【不朽の名作】ベジータの魅力を堪能できる「ドラゴンボールZ 燃えつきろ!! 熱戦・烈戦・超激戦」 (1/3ページ)
先週よりテレビアニメ『ドラゴンボール超』で新シリーズがスタートした。現在ドラゴンボールシリーズは漫画原作ではないオリジナルシリーズとして放送しているが、それ以前に原作を元にテレビ放送されていた『ドランボールZ』でも孫悟空の自動車教習の話など、有名なオリジナルストーリーが存在する。その時期は劇場作品も毎年公開され「東映アニメフェア」のメインを張る人気コンテンツとなっていたが、今回はその中でも正当な意味でも、ネタ的な意味でも特に人気の高い93年公開の『ドラゴンボールZ 燃えつきろ!! 熱戦・烈戦・超激戦』を扱う。
この作品、一言で言うと良くも悪くもべジータの魅力が極端に凝縮された作品となっている。公開は、ちょうど地上波でセル編のクライマックスが放送されていた時期と重なる。セル編でべジータは自身の強さに調子に乗り、セルを完全体にしてしまい、その後圧倒され、へタレになるという醜態をさらしていた。

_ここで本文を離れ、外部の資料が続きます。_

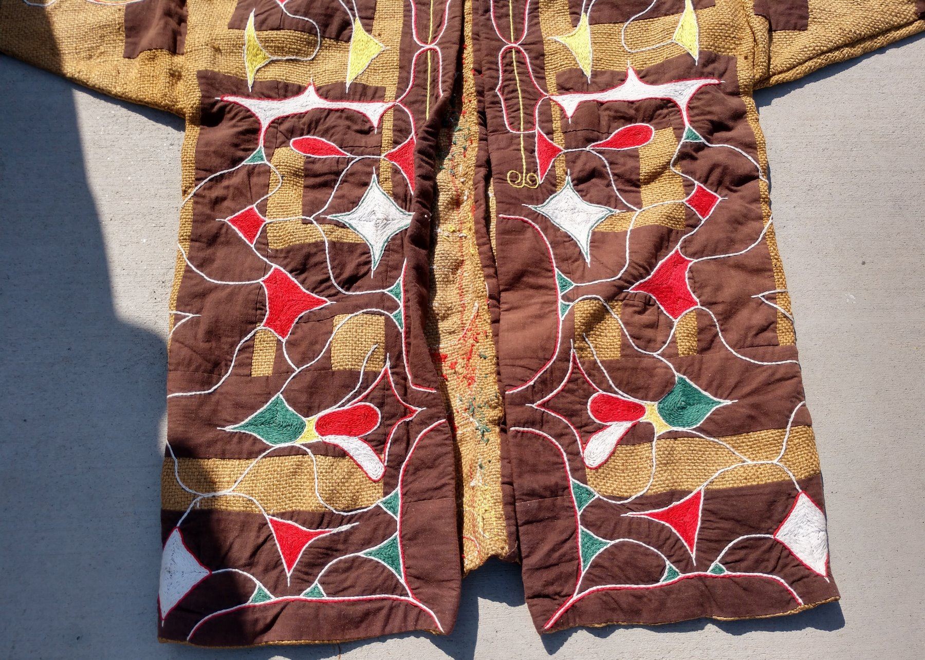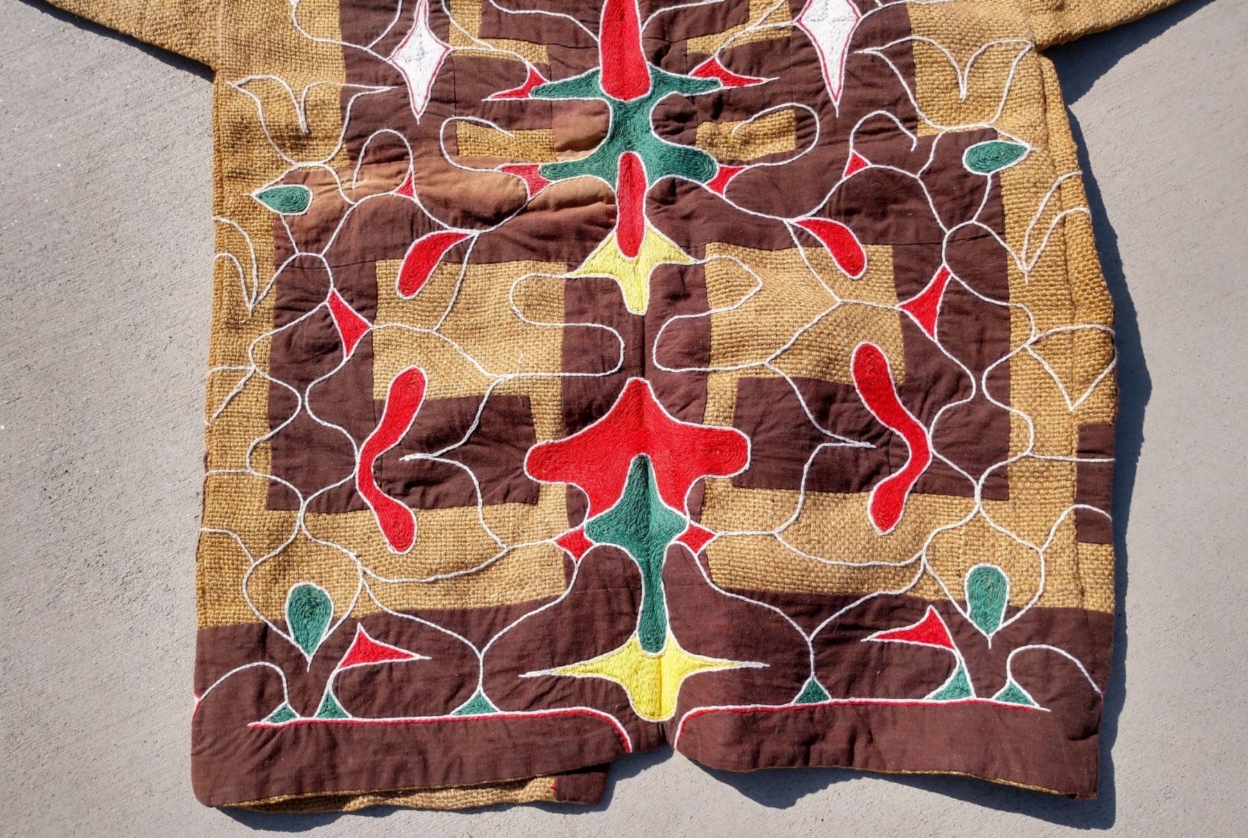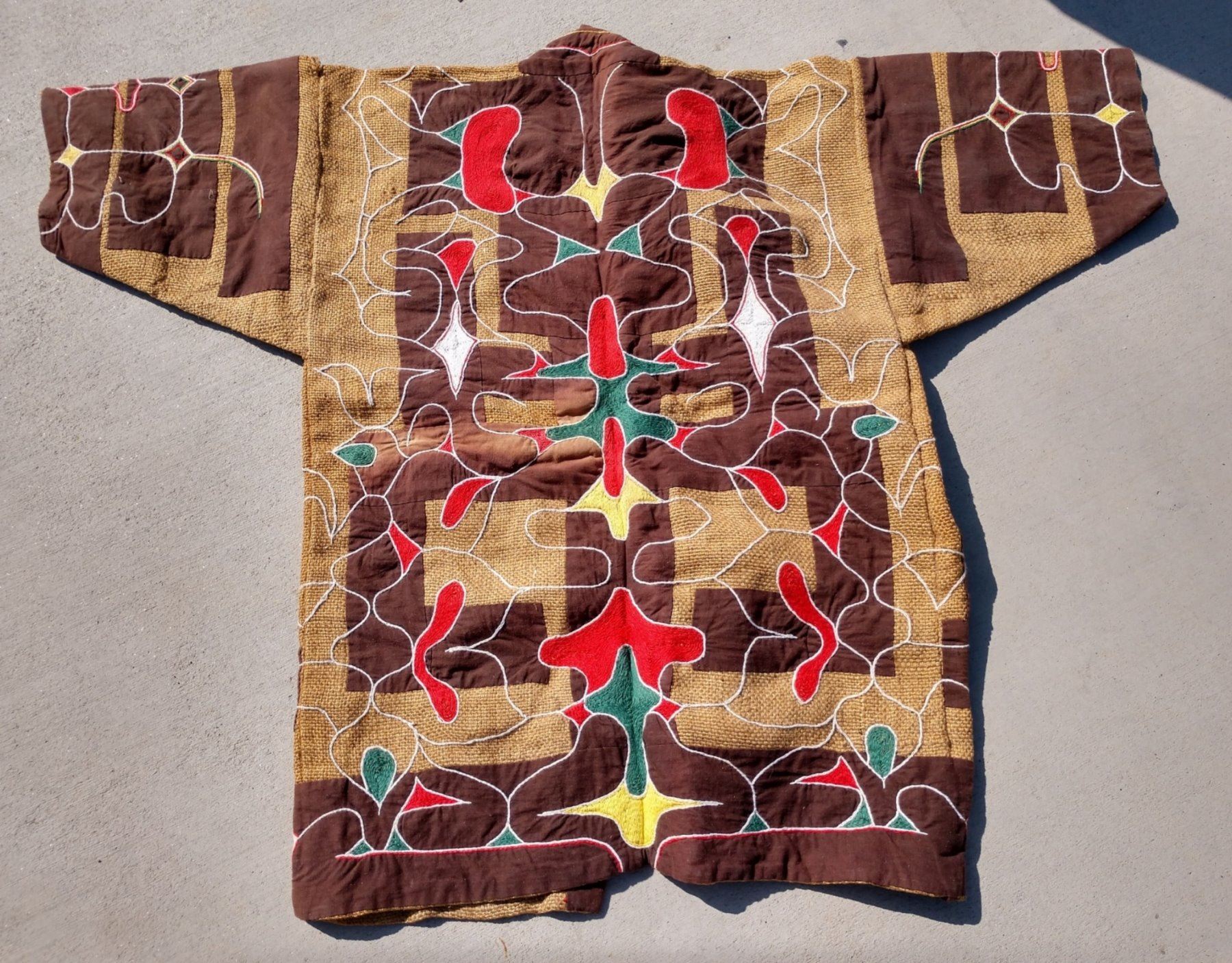 Modern Japanese Kimono, 20th century item. Made of fiber, cloth and thread, the item measures 25" at the shoulders and 36" long. Japan. Condition: As found, slight wear, see images. Shipping: $22.50 w/insurance and signature.

実は、これまでにもべジータが相手の強さにおびえることは何度もあったのだが、ここまで情けない姿は初で、同作でもそのキャラクター性がいかんなく発揮されており、一挙手一投足が笑い所になるほど詰め込まれている。正直、主役の悟空を食う勢いだ。
まずこの作品、べジータが原作やTVアニメでやらかしていた増長からの敗北、その後のヘタレ描写、もう一度対決する決心はするが、また圧倒され、自分では勝てないから文句をいいつつも他のキャラに託すという一連の行動を70分の本編に収めている。しかもべジータの調子の乗らせ方が、いい意味で悪質だ。この作品では、隻眼の中年のサイヤ人・パラガスが、地球でお花見中のベジータのもとにおもむき、「新惑星ベジータの王になっていただきたくお迎えに上がりました」「伝説のスーパーサイヤ人を倒して欲しい」と告げたことで始まる。

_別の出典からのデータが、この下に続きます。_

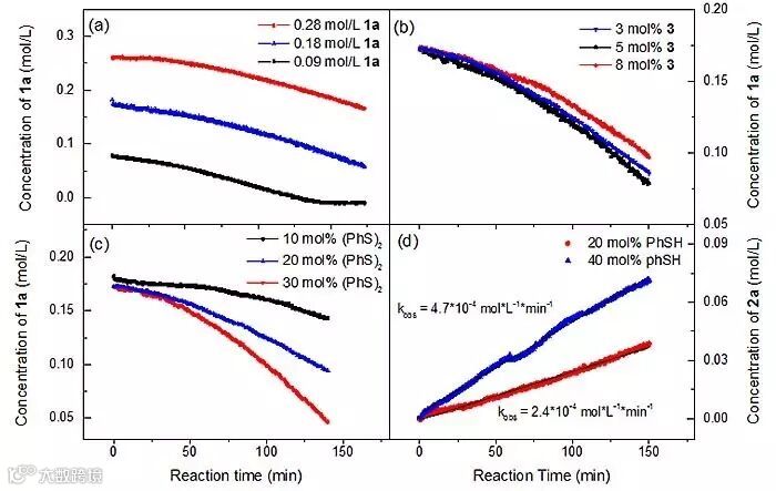 为了深入探究反应的历程,作者以1,1-二苯乙烯的水合反应作为模板反应,利用原位红外光谱实验进行了反应动力学的研究。他们发现当使用(PhS)2作为质子转移催化剂时会出现明显的诱导,但如果换作苯硫酚为共催化剂时则不会出现反应诱导期。因此,作者推测在反应的开始阶段应该发生了二硫化物转化成PhSH的过程。
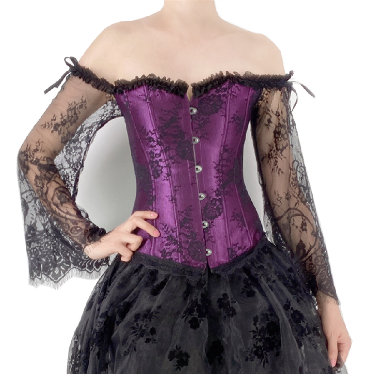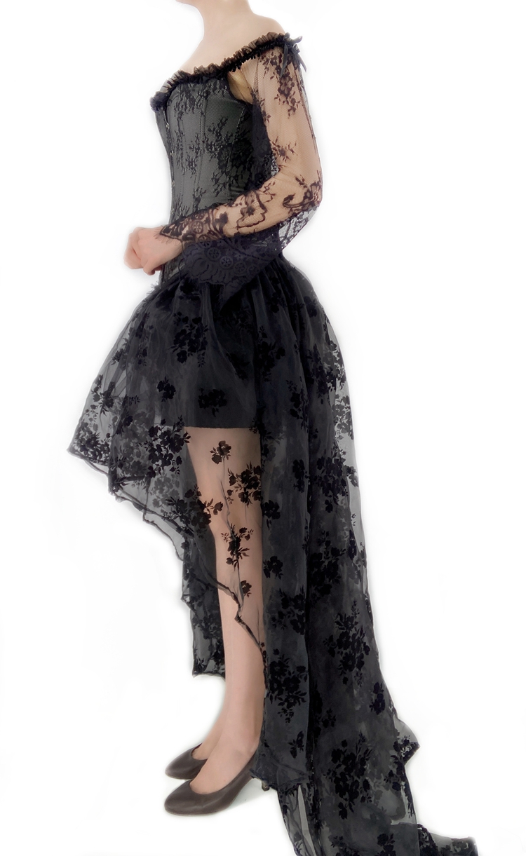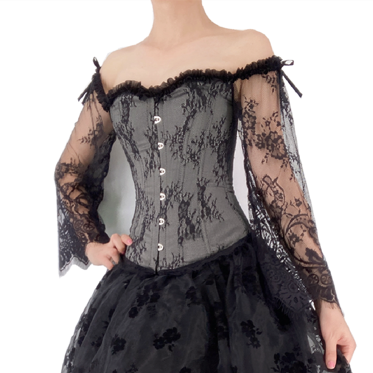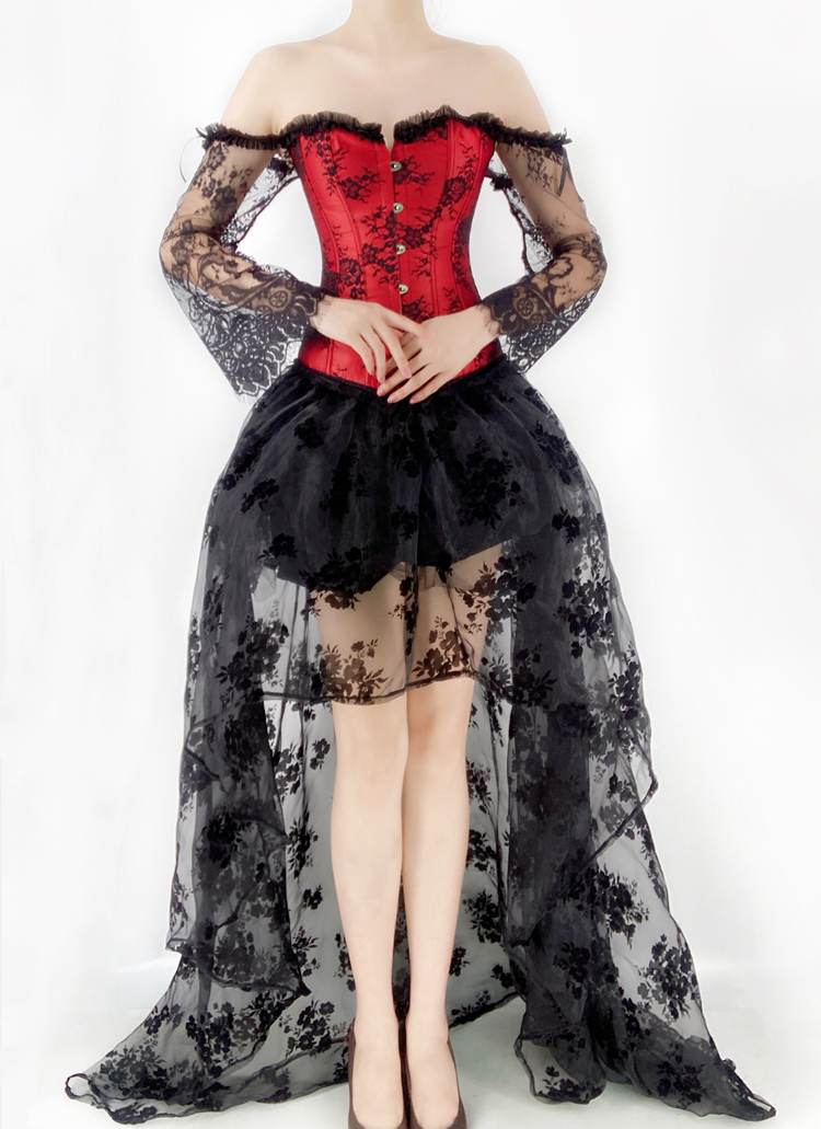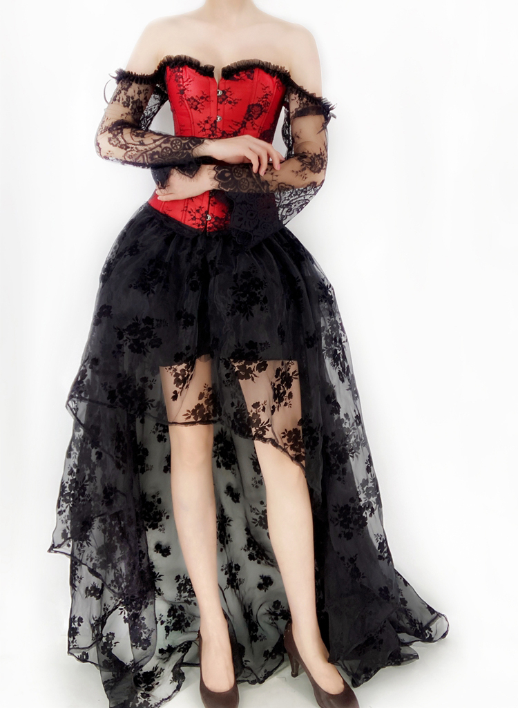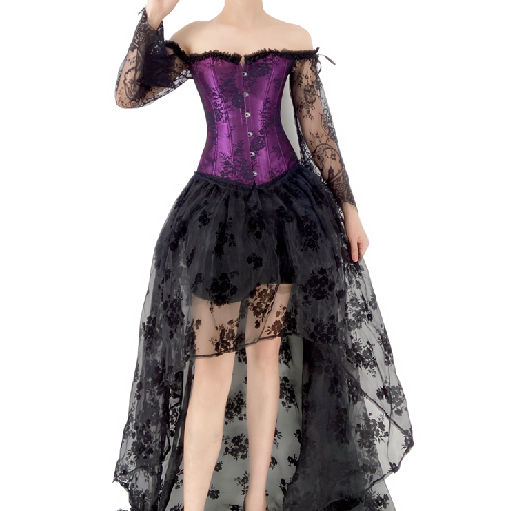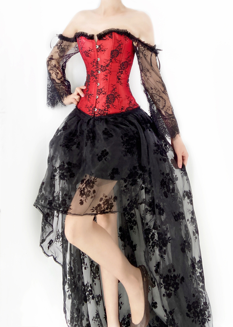 Off shoulder corset featuring long sleeves, front busk closure, lace-up back, and a matching high low skirt.

『ドラゴンボール』の本編を知らない人のために一応説明すると、べジータはサイヤ人の王・べジータ王の息子で、フリーザに母星が破壊され、サイヤ人がほぼ全滅した後も王子としてのプライドを持っており、それが同じサイヤ人の悟空への強烈な対抗意識にもつながっている。という訳で「べジータ王」と媚びへつらわれたべジータはまんざらでもない様子で、その気になって王としてドヤ顔で振舞ってしまう。